The Defence Strategic Review released in April 2023 recommended that the program be accelerated and expanded. In January 2025, the government placed an order for 44 Bushmaster vehicles to be used for the command and control of the new missile system. In April 2026, the Australian government announced that it had selected the M142 HIMARS system with the Precision Strike Missile.

===Air defence===

Under LAND 19 Phase 7B, the RBS 70 Short Range Ground Based Air Defence system will be replaced by the enhanced National Advanced Surface to Air Missile System (NASAMS), with CEA Technologies Active Electronically Scanned Array (AESA) radars, and the AN/AAS-52 Multispectral Targeting System (MTS-A). The system comprises a CEA Operational (CEAOPS) AESA search radar, fitted on a Rheinmetall HX77 truck, a 5m telescoping mast and housing mounted on a Hawkei PMV, and a Kongsberg Fire Distribution Centre (FDC), mounted on a HX40M truck together with a Mk2 canister launcher. The system also has a smaller, mobile CEA Tactical (CEATAC) AESA fire-control radar fitted to a Hawkei PMV, and a high-mobility launcher (HML) fitted to the Hawkei PMV. The Mk2 canister launcher and the high mobility launcher will be configured to launch the AIM-120C-7 Advanced Medium-Range Air-to-Air Missile (AMRAAM). An initial order of two batteries, consisting of a number of canisters and/or HML, a MTS-A EO/IR, FDC and a CEATAC; was placed in June 2019 with initial operational capability scheduled for 2022–23.

===Armoured vehicles===
Under LAND 121 Phase 4 in December 2011, the Thales Hawkei PMV (Protected Military Vehicle) was selected as the preferred tender for the Army's requirement of a light 4x4 armored car with a potential order for 1300 vehicles. The seven-tonne Hawkei has been described as a 'baby' variant of the Bushmaster having been developed by the same manufacturer.

Under LAND 400 the ASLAV and M113s will be replaced, with the project to acquire a Combat Reconnaissance Vehicle (CRV), an Infantry Fighting Vehicle (IFV), a Manoeuvre Support Vehicle (MSV) and an Integrated Training System (ITS). The ASLAV fleet is planned to be replaced from 2020, and the M113s from 2025. On 19 February 2015 the tender was opened for the replacement of the ASLAV, listing a requirement for up to 225 armored vehicles to provide the future mounted combat reconnaissance capability. The remaining requirements of the project will be confirmed by the upcoming Defence White Paper; however, it is expected to include an infantry fighting vehicle—a capability currently only partly provided by the in-service M113AS4 Armoured Personnel Carrier—as well as a manoeuvre support vehicle, and an integrated training system.
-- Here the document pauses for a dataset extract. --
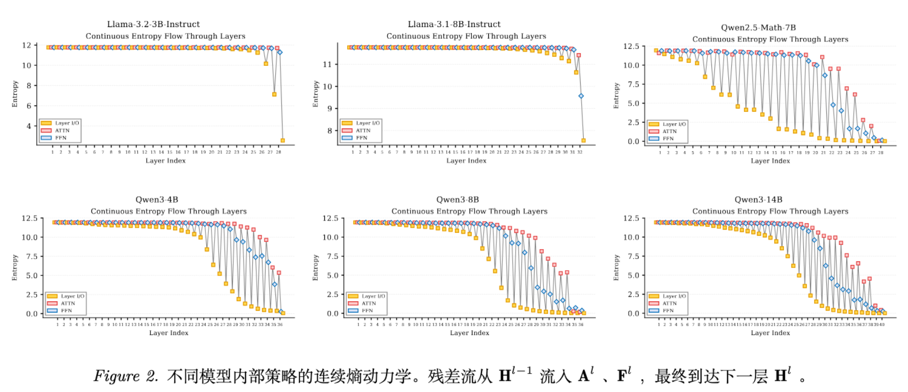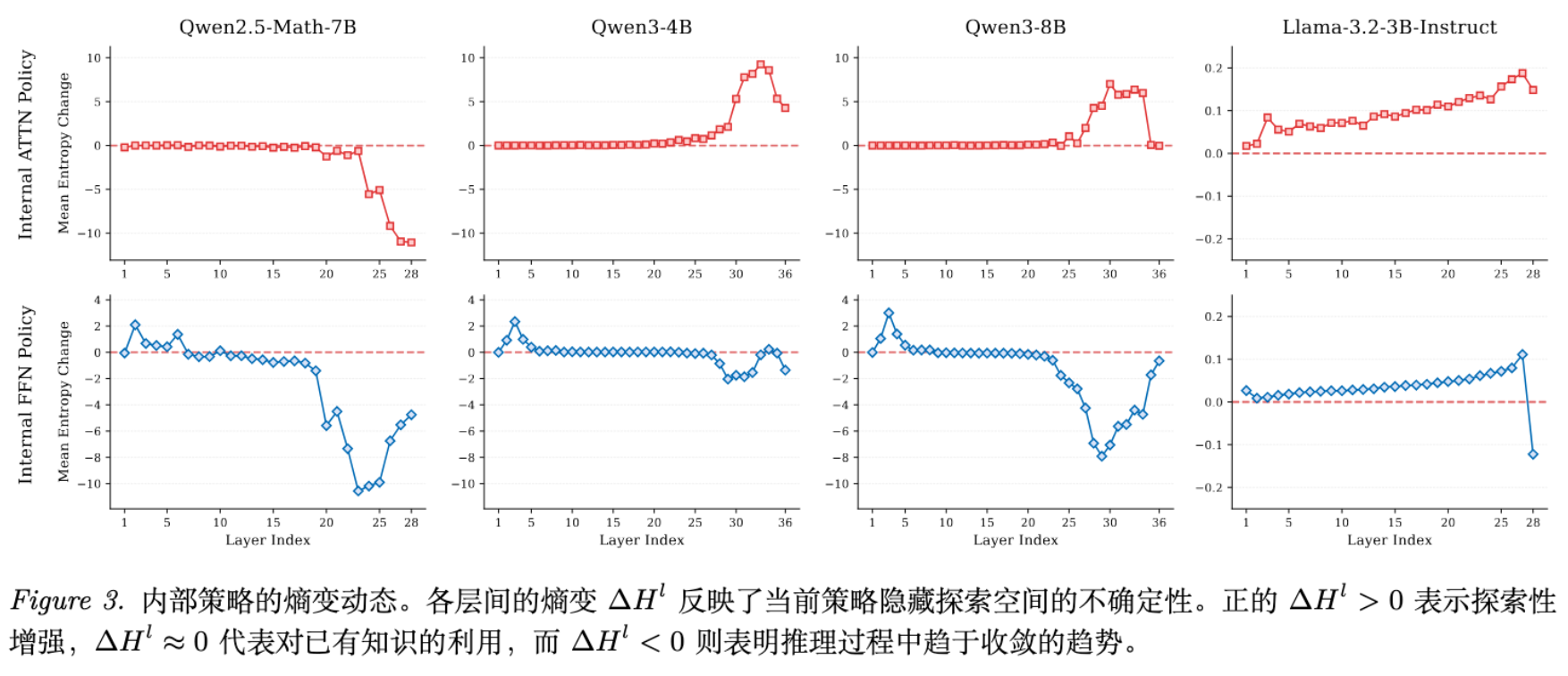Attention:在 Qwen3 中,Self-Attention 持续表现出正的熵变(),说明注意力机制主要负责引入上下文信息,扩大可能性的边界。 -

The project has since been scaled back with a 2023 Defence Strategic Review announcement that the armoured vehicle acquisitions would be reduced to accommodate a quicker acquirement of the land-based anti-ship missile system amongst other projects.

Under LAND 907 Phase 2 the M1A1 Abrams will be upgraded to the M1A2 through replacement. In January 2022, the government announced that the Army will acquire 75 M1A2 SEPv3 Abrams and six M88A2 Hercules recovery vehicles which will be delivered from 2024. Under Land 8160 Phase 1, the Army is reviving the Combat Engineering Vehicle capability lost with the Leopard tanks and will acquire twenty-nine M1150 Assault Breacher Vehicles and seventeen M1074 Joint Assault Bridges to be delivered from 2024.

=== Aircraft ===
The Army is replacing its fleet of ARH Tiger attack and MRH-90 Taipan utility helicopters earlier than planned.

The ARH Tiger was scheduled to receive a A$1–2 billion mid-life upgrade in the late 2010s and was planned to be operated into the 2030s. The 2016 Defence White Paper stated the Tiger would be replaced in the mid-2020s and cancelled the mid-life upgrade instead the Tiger is to receive a A$500–750 million upgrade. In January 2021, under LAND 4503 Phase 1 the government announced that the Army will purchase 29 Boeing AH-64E Apache Guardian to replace the 22 Tigers from 2025. In June 2021, the US approved a Foreign Military Sale of AH-64E Apache attack helicopters to Australia. In September 2025, the first two AH-64E Apaches were delivered to the Army. In 2026, Defence announced in the 2026 National Defence Strategy that the Tiger ARH would be withdrawn from service by the end of 2026.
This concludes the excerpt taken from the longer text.